* **RECORD EXCERPTS**:
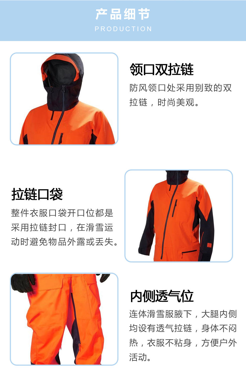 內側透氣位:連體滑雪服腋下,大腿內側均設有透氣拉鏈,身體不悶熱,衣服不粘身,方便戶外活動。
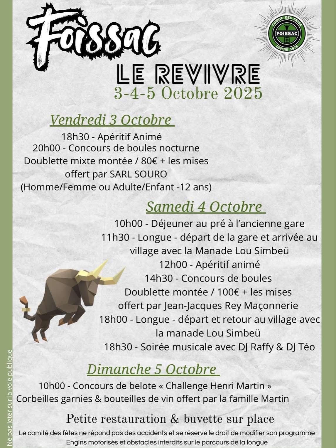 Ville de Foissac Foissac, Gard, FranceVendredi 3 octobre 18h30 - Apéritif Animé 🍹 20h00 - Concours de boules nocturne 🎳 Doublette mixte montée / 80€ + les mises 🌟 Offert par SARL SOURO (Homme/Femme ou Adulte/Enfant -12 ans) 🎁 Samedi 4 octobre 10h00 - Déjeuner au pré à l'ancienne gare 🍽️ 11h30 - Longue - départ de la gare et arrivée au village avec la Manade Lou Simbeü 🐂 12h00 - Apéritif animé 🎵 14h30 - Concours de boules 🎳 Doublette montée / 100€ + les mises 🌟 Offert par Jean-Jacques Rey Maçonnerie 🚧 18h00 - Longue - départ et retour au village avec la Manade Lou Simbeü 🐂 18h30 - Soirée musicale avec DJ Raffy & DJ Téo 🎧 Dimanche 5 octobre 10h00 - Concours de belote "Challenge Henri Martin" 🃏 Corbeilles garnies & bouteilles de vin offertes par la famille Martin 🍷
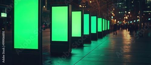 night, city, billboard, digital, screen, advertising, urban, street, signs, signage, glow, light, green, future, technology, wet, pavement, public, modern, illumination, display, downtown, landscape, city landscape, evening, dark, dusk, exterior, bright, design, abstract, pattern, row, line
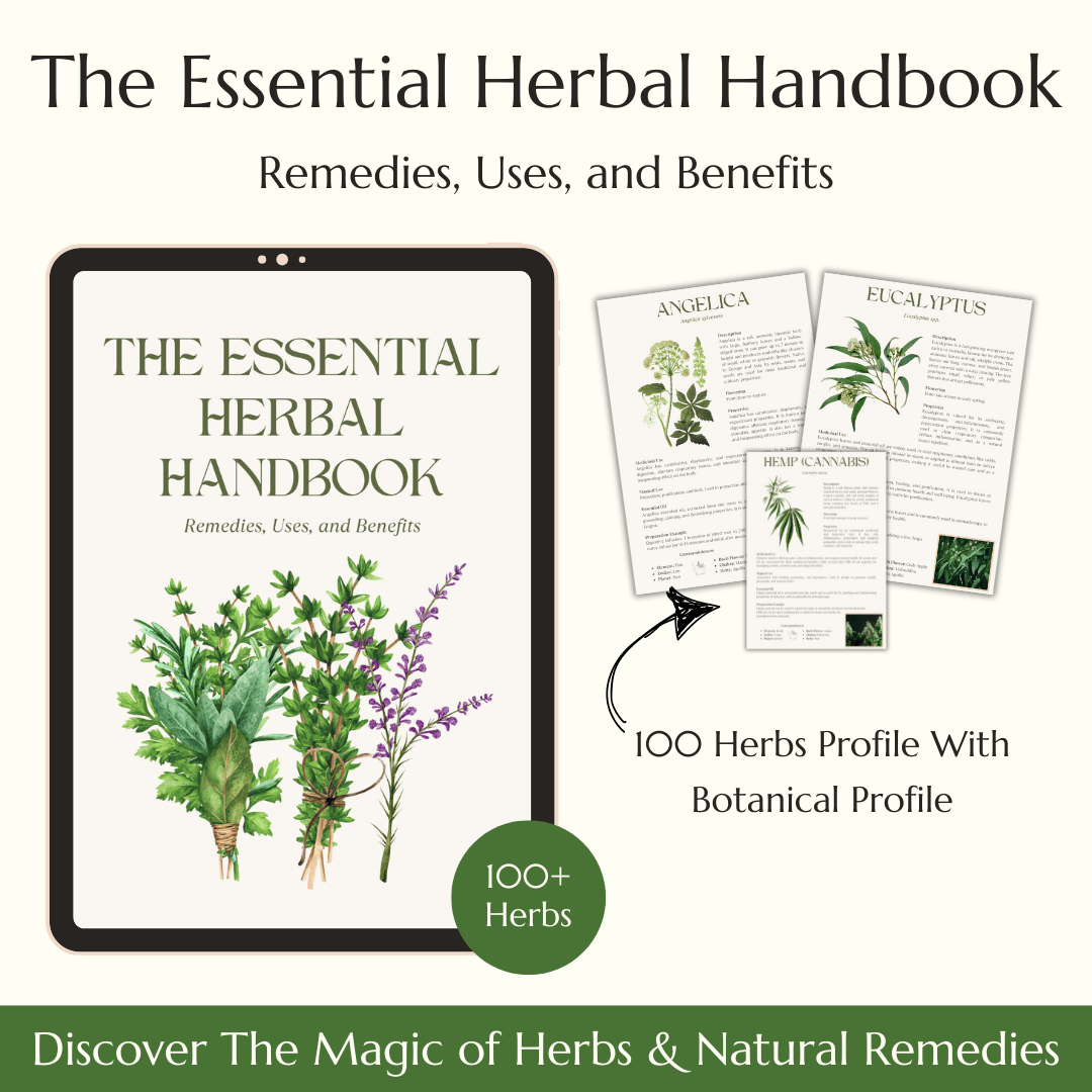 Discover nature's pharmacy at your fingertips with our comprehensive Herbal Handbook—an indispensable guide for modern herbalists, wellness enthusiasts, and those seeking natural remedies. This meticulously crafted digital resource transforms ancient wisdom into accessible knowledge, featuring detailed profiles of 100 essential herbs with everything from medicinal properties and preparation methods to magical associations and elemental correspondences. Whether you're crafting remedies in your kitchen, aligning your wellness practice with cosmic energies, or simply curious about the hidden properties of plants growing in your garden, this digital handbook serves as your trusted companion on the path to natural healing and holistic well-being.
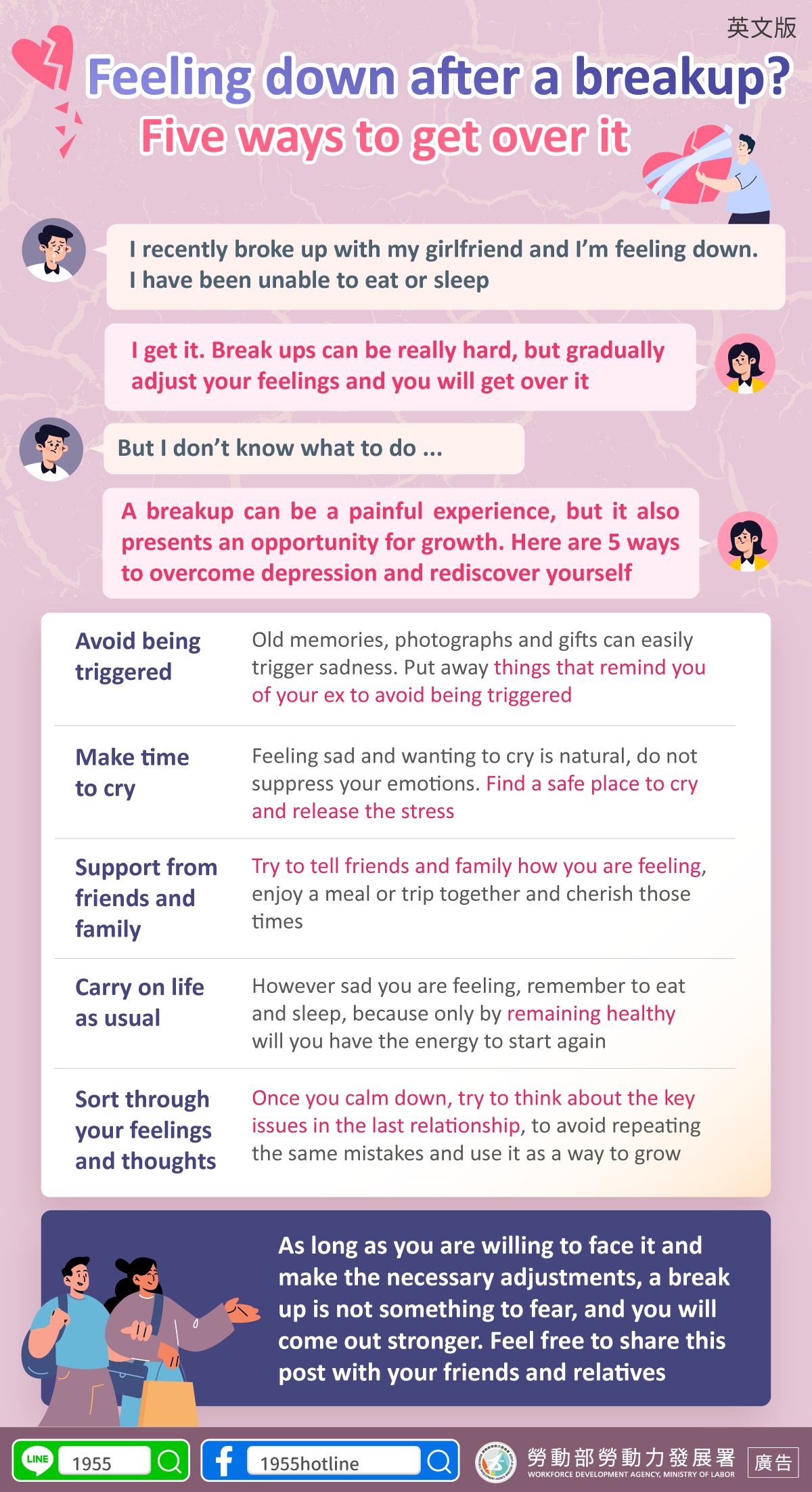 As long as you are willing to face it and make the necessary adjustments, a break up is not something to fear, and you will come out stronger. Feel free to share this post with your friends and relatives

* **ACTIVITY**:
Leave out the pictures and restate, word for word, the lines from the top of the data through the line containing "Ville de Foissac", both included.

* **REPLY**:
 內側透氣位:連體滑雪服腋下,大腿內側均設有透氣拉鏈,身體不悶熱,衣服不粘身,方便戶外活動。
 Ville de Foissac Foissac, Gard, FranceVendredi 3 octobre 18h30 - Apéritif Animé 🍹 20h00 - Concours de boules nocturne 🎳 Doublette mixte montée / 80€ + les mises 🌟 Offert par SARL SOURO (Homme/Femme ou Adulte/Enfant -12 ans) 🎁 Samedi 4 octobre 10h00 - Déjeuner au pré à l'ancienne gare 🍽️ 11h30 - Longue - départ de la gare et arrivée au village avec la Manade Lou Simbeü 🐂 12h00 - Apéritif animé 🎵 14h30 - Concours de boules 🎳 Doublette montée / 100€ + les mises 🌟 Offert par Jean-Jacques Rey Maçonnerie 🚧 18h00 - Longue - départ et retour au village avec la Manade Lou Simbeü 🐂 18h30 - Soirée musicale avec DJ Raffy & DJ Téo 🎧 Dimanche 5 octobre 10h00 - Concours de belote "Challenge Henri Martin" 🃏 Corbeilles garnies & bouteilles de vin offertes par la famille Martin 🍷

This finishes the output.